Pero, he aquí que algunos “padres” sinodales deben haber mencionado la cuestión con gran insistencia, pues abarca un capítulo entero, cuando –por ejemplo– no hay ninguno dedicado a los hijos, a su educación, etc. Se afirma que hay que recibirlos “aceptando y evaluando su orientación sexual, sin comprometer la doctrina católica sobre la familia y el matrimonio”, es decir en buen romance, dejando de lado la fe y la solidez de los principios sobre los cuales se asienta una familia normal. Ni más ni menos es lo que dice allí.

En el espacio que estaba dedicado supuestamente a la prole, se habla solamente de “la pareja” y ni una palabra sobre la paternidad –analogía humana de la paternidad de Dios– salvo para indicar cómo evitarla mediante la “regulación de la natalidad”. Una expresión fea para una realidad ídem.

En lo que hemos leído no existe la menor referencia a la familia, ni campea tampoco la idea que de ella tenemos los católicos y mayoría de los seres humanos, ni alusión a sus problemas y dificultades ni al misterio teológico que encierra y a la concatenación natural que supone y que es la tradición misma. Simplemente, referencias deshilvanadas a los vicios individuales de algunas personas, algunas de las cuales serían casadas y otras no, las cuales hipotéticamente deberían ser recibidas sin prevención alguna por la comunidad cristiana, pese a ser portadoras –eso se admite implícitamente– de conflictos morales de muy difícil resolución y seguramente de perniciosa difusión –escándalo del cual nada temen estos “padres”. Por supuesto no existen referencias evangélicas, ni escriturísticas que avalen tal o cual postura, sino tan solo una invitación a “reflexionar” sobre una serie de hipotéticas realidades que, se acepta, no se desea contribuir a modificar en ninguna forma. Todo el lenguaje es relativista y lleno de los lugares comunes que hizo afamados el modernismo teológico, generalmente constituido por sentencias irrelevantes o sentimentales fuera de su contexto debido y conclusiones sin orden lógico ni ontológico.
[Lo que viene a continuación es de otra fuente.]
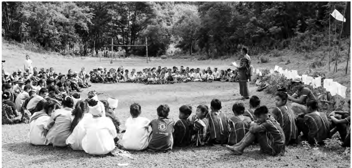
တံညၣ်ကံၢ်လၢပုၤတတၢ်မၤ, ဟ့ၣ်ဂံၢ်ဟ့ၣ်ဘါဒီးဟ့ၣ်သဆၣ်ထီၣ်ပုၤသးစၢ်လၢတၢ်ကတဲၣ်ကတီၤမၤဂ့ၤထီၣ်ခိၣ်ယၤန့ၣ်ဆၣ်, တၢ်ဂီၤ-ခုစၢ်

မ့ၢ်စံးဒ်န့ၣ်ဒီးအဝဲသ့ၣ်မ့ၢ်အအိၣ်ဒီးကစီဒီခါ, မ့ၢ်တမ့ၢ် အသံလၢ်လံၤခါ, မ့ၢ်အလီၤမၢ်သုၤပါလၢ်လံၤ ခါ. အသံလၢကျဲၣ်လဲၣ်, အလီၤမၢ်လၢကျဲၣ်လဲၣ်, မ့ၢ်တ မ့ၢ် မ့ၢ်အတအိၣ်ဘၣ်လၢကညီဖိအစုယံၣ်ခိၣ်မူး, အ မ့ၢ်ခိၣ်ထံခိၣ်, အသဘျုၣ်တၢ်ယါ ဒီးသံးကတံၤအထံ သ့ၣ်တဖၣ်န့ၣ်လၢဘၣ်အယိန့ၣ်ခါ. မ့ၢ်တမ့ၢ် ဒ်အဝဲသ့ၣ် အလီၤကျိၤခူသ့ၣ်အိၣ်ဟ်အသး ပတသ့ၣ်ညါနၢ်ပာ်လၢ အတၢ်အကျိၤအကျဲၤလၢဘၣ်တခီခါ. မ့ၢ်တၢ်တဆဲးကျိး ဒီးအီၤဘၣ်အယိန့ၣ်ခါ. သးပုၤမုၢ်နီၢ်ခုမိၢ်အိၣ်ဆိး လၢ် မ့ၢ်ပျီကဲခရံၣ်ဖိလီၤ. တချုးလၢအဝဲသံးဘၣ်န့ၣ် စံးဝဲ ဒ်အံၤ, “မိၢ်ပာ်ဖဲပုၤလၢပျာ်သ့ၣ်တဖၣ် အိၣ်ဒီးတၢ်အဲၣ်တၢ် ကွံ တၢ်ယုတၢ်ဖိးအါမးအယိမ့ၢ်ဂ့ၤ အဝဲသ့ၣ်အိၣ်ဒီး တၢ်ယုးယီၣ်ပာ်ကဲခိၣ်ယၤန့ၣ်ဆၣ် ဒီးတၢ်အိၣ်ဝဲတရံး သ့ၣ်တဖၣ် ဒီးဆိးကါတၢ်သိၣ်တၢ်သီအယိ အဝဲသ့ၣ် မ့ၢ်ဖျီၣ်လၢတၢ်ကျဲၣ်ဘၣ်ကျဲၣ်သ့ဘၣ်ဆၣ် အတၢ်အိၣ်မူ ကဆီၣ် ဒီးဂ့ၤဒိၣ်န့ၣ်ဒီးစါခဲအံၤတက့ၢ်န့ၣ်လီၤ.”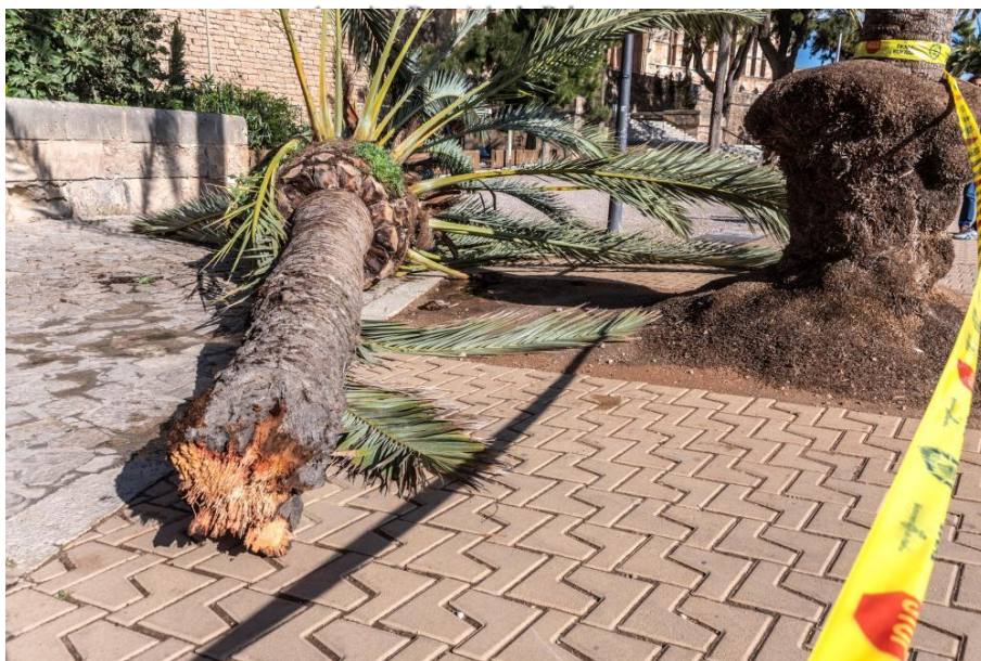
Detalle del quiebre de palmera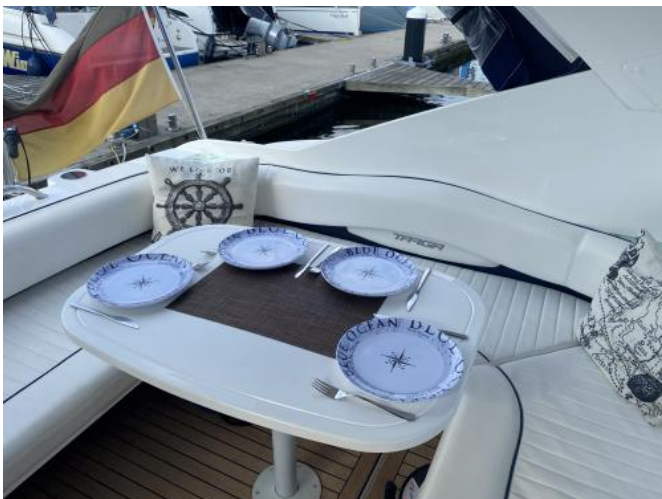
Plicht / Sitzbereich achtern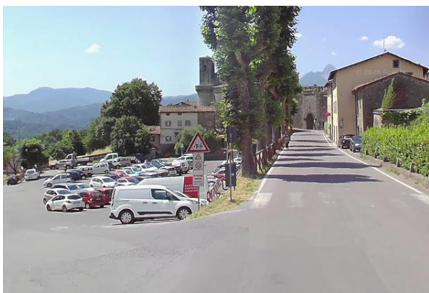
8 Percorso dal parcheggio a Porta Nuova

La alusión a nuevos “caminos pastorales” es filfa pura. No es otra cosa que la renuncia al apostolado católico para instalar a los fieles como meros espectadores del caos terminal del mundo, sin mediar impedimento alguno. Ni siquiera la severa advertencia evangélica sobre los tres enemigos del alma, a saber: el demonio, el mundo y la carne –tres ausentes totales de la mente del redactor sinodal– han detenido este espeto de tonteras, insensateces e inmundicias.

Y es que no existe ningún “camino pastoral” fuera del trazado por el Buen Pastor.